With the increase in the detection rate of pulmonary nodules, the general accepted treatment for GGN with a low risk of malignancy is to conduct regular CT follow-up observations to assess the growth characteristics. DT refers to the time required for tumor volume or cell number to double, representing the activity and invasiveness of tumor cells, and is an important indicator of tumor growth characteristics (21). The literature reports that volume and mass are quantifiable indicators that reflect more sensitive and repeatable growth of pulmonary nodules (22,23).

$VDT = \log 2 \times T / \log (V_{i} / V_{0})$ [4]

V_i, and V₀ refer to the volume of the last (preoperative) and first GGN, respectively, and T refers to the follow-up interval. The traditional method of measuring volume by two-dimensional diameter is first to measure the diameter of a nodule and then calculate the volume of the nodule using a sphere or ellipsoid formula. However, both accuracy and repeatability are poor, and the error of the calculated results is greater when the nodule shape is irregular. In this study, based on the difference in CT values between nodules and surrounding lung tissue, threshold segmentation and manual modification were used to identify nodules, and the pixels within the nodules were statistically analyzed. By converting the size and number of pixels within the pulmonary nodules into volumes, the results obtained were more consistent with the actual volume of the nodules, reducing bias caused by different observers and having better clinical application value. This result was also confirmed in the study by Yankelevitz et al. (24).

Through research, it has been found that the MDT calculated during follow-up varies with the density of the first diagnosis of pulmonary nodules. Yuan et al. (17) conducted 3-year follow-up imaging statistics on 82 cases of small lung cancer screened by LDCT and found that the VDT of solid nodule, mixed ground-glass nodule (mGGN), and pure ground-glass nodule (pGGN) were 149±125, 457±260, and 813±375 days, respectively.

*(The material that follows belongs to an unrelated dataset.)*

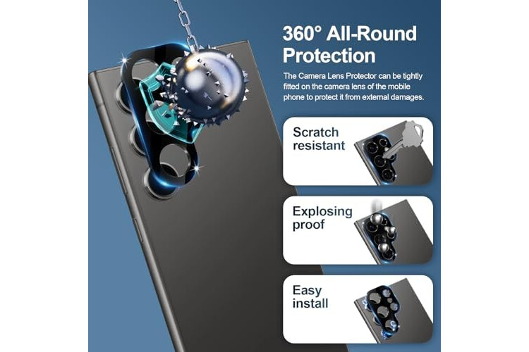 SPECIFICALLY DESIGNED: Designed for Samsung Galaxy S24 Ultra only, 3 Pack Screen Protective Film+2 Pack Camera Lens Protector, Full Protection, resists damage from all directions.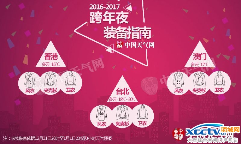 香港、台北在跨年夜还将有烟花汇演,着实是跨年的好去处。跨年夜当晚,香港、澳门、台北的气温将在16℃以上,多云天气为主。

Research by Oda et al. (22) showed that the average VDT for mGGN and pGGN based on 3D volume measurements was 276.9±155.9 and 628.5±404.2 days, respectively. However, for a large number of GGNs screened from physical examinations, multiple research results have shown that the growth of nonsolid nodules is manifested not only in volume growth but also in changes in density (25,26). Among them, the initial growth pattern of some GGNs only shows an increase in the density within the lesion, while the volume does not change. Kakinuma et al. (27) found that even though the volume of mGGN was stable, the increase in the solid portion often suggested the possibility of malignancy. Moreover, the growth of some tumors may be accompanied by the collapse of the alveolar cavity, and some GGNs may instead show a slight reduction in volume (5). Therefore, in recent years, attention has been given to MDT as a new reliable indicator (16,28). This calculation method of the MDT combines the changes in the internal density of the GGN and the increase or decrease in the infiltration range, which is more sensitive than the VDT. The subjects in this study all had nonsolid lesions (pGGN and mGGN), so the MDT index was ultimately chosen to observe the changes in the lesions over the time in this study.

This study screened 112 samples from 298 GGN lesions that met the requirements, with a median MDT of 539 days. Comparing noninvasive lesions with invasive lesions, the results showed that there was no significant difference in follow-up interval or MDT. Previous studies have shown that DT is of certain value in differentiating pathologic subtypes of invasive lung adenocarcinoma (16). However, this study did not find a statistically significant difference in MDT between noninvasive lesions and invasive lesions. Currently, there are relatively few reports of DT studies on the pathological subtypes of invasive lung adenocarcinoma, and it is expected to increase the sample size in future studies to explore the correlation between the pathological subtypes of invasive lung adenocarcinoma and MDT.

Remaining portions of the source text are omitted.